We have \begin{align*} I &= - \int_0^1 \int_0^1 \int_0^1 \frac{1}{3\Gamma(2/3)}\int_0^\infty \frac{1 - (xyz)^s}{s^{4/3}}\,\mathrm{d} s \,\mathrm{d}x \,\mathrm{d} y\, \mathrm{d} z \\ &= - \frac{1}{3\Gamma(2/3)}\int_0^\infty \frac{1}{s^{4/3}}\left(\int_0^1 \int_0^1 \int_0^1 (1 -x^s y^s z^s) \,\mathrm{d}x \,\mathrm{d} y\, \mathrm{d} z\right)\,\mathrm{d} s\\ &= - \frac{1}{3\Gamma(2/3)}\int_0^\infty \frac{1}{s^{4/3}}\left(1 - \frac{1}{(s + 1)^3}\right)\,\mathrm{d} s \\ &= -\frac{1}{3\Gamma(2/3)}\int_0^\infty \frac{s^2 + 3s + 3}{s^{1/3}(s + 1)^3}\,\mathrm{d} s\\ &= -\frac{1}{3\Gamma(2/3)}\int_0^\infty \frac{3u(u^6 + 3u^3 + 3)}{(u^3 + 1)^3}\,\mathrm{d} u \qquad\qquad (s = u^3)\\ &= - \frac{1}{3\Gamma(2/3)}\cdot \frac{28}{27}\pi\sqrt 3 \end{align*} where we have used Fubini's theorem to interchange the order of integration; and the integral $\int_0^\infty \frac{3u(u^6 + 3u^3 + 3)}{(u^3 + 1)^3}\,\mathrm{d} u$ is easily evaluated using partial fraction decomposition.

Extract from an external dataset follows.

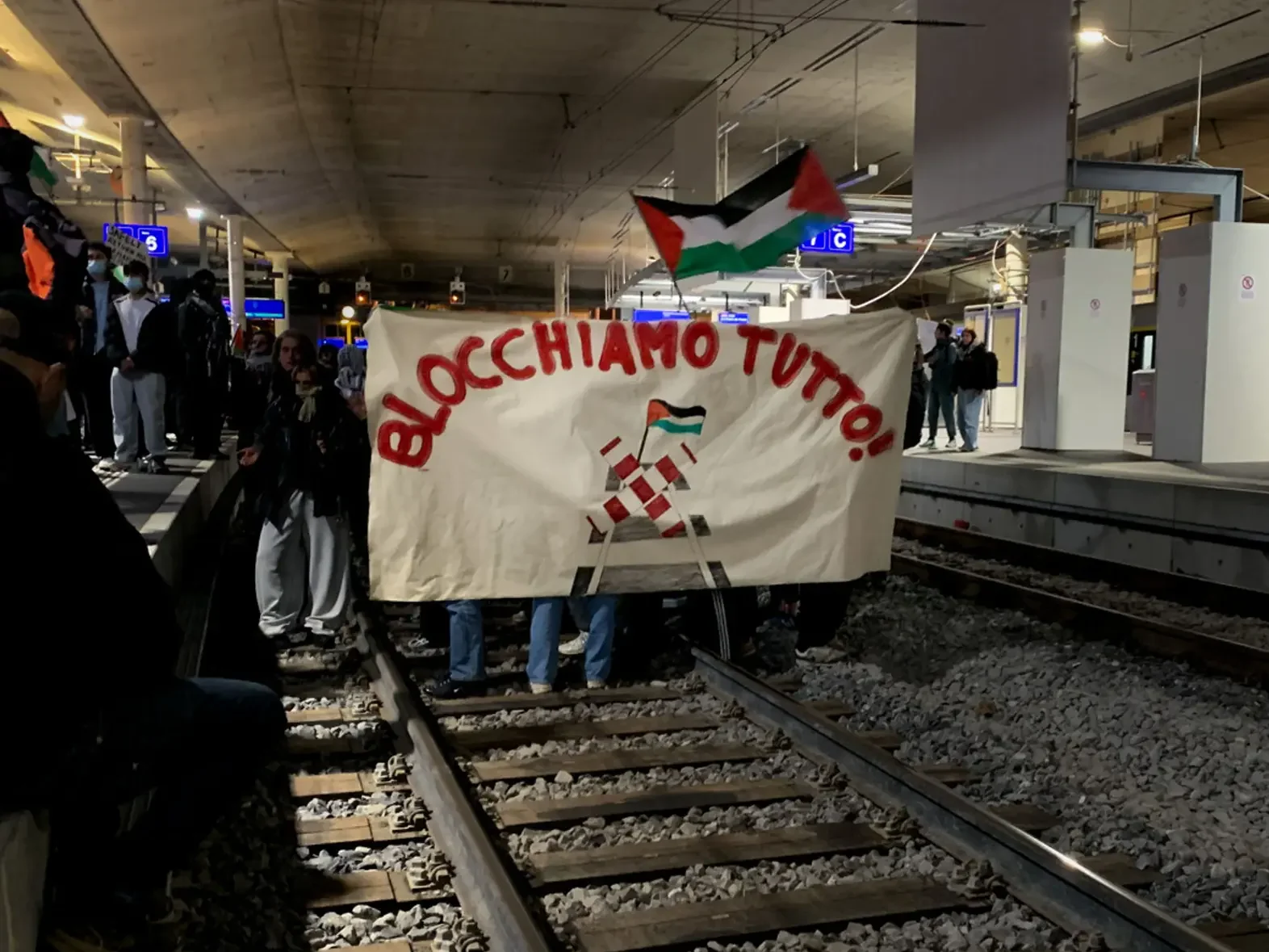 «Wir blockieren alles!» Mit dem Transparent nahmen die Protestierenden Bezug auf die palästinasolidarischen Proteste in Italien. (Foto: Noah Pilloud)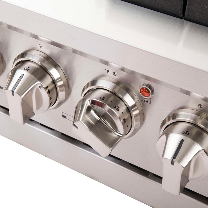 * Continuous cast iron grates ensure even heat, providing cookware stability and mobility off the source.

(Note: $\frac{1}{3\Gamma(2/3)}\cdot \frac{28}{27}\pi\sqrt 3 = \frac12 \Gamma(10/3)$.)

Answer 3

We can at least compute two integrals $$I_1=\int_{0}^{1}\sqrt[3]{\log{(xyz)}}\,dx=\sqrt[3]{\log (y z)}+\frac{\sqrt[3]{-1}\, \Gamma \left(\frac{1}{3},-\log (yz)\right)}{3 y z}$$ $$I_2=\int_{0}^{1}I_1 \,dy=\frac{\sqrt[3]{\log (z)} \left(4 E_{\frac{2}{3}}(-\log (z))+3 \log (z) E_{\frac{2}{3}}(-\log (z))+12 z\right)}{9 z}$$ For the third integral, we can expand the integrand as a series around $z=1$ $$I_2=\frac{1+i \sqrt{3}}{2}\,\Gamma \left(\frac{1}{3}\right)\sum_{n=0}^\infty a_n (z-1)^n$$ where the $a_n$ form the sequence $$\left\{\frac{4}{9},-\frac{1}{9},-\frac{1}{18},\frac{1}{6},-\frac{1}{4},\frac{19}{60}, -\frac{67}{180},\frac{529}{1260},-\frac{1163}{2520},\frac{3769}{7560},-\frac{4021} {7560},\frac{46751}{83160},-\frac{49061}{83160},\cdots\right\}$$ giving $$I_3=\frac{1+i \sqrt{3}}{2} \Gamma \left(\frac{1}{3}\right)\sum_{n=0}^\infty \frac{(-1)^n }{n+1}a_n$$ The problem is that many terms would be required to arrive close to the solution.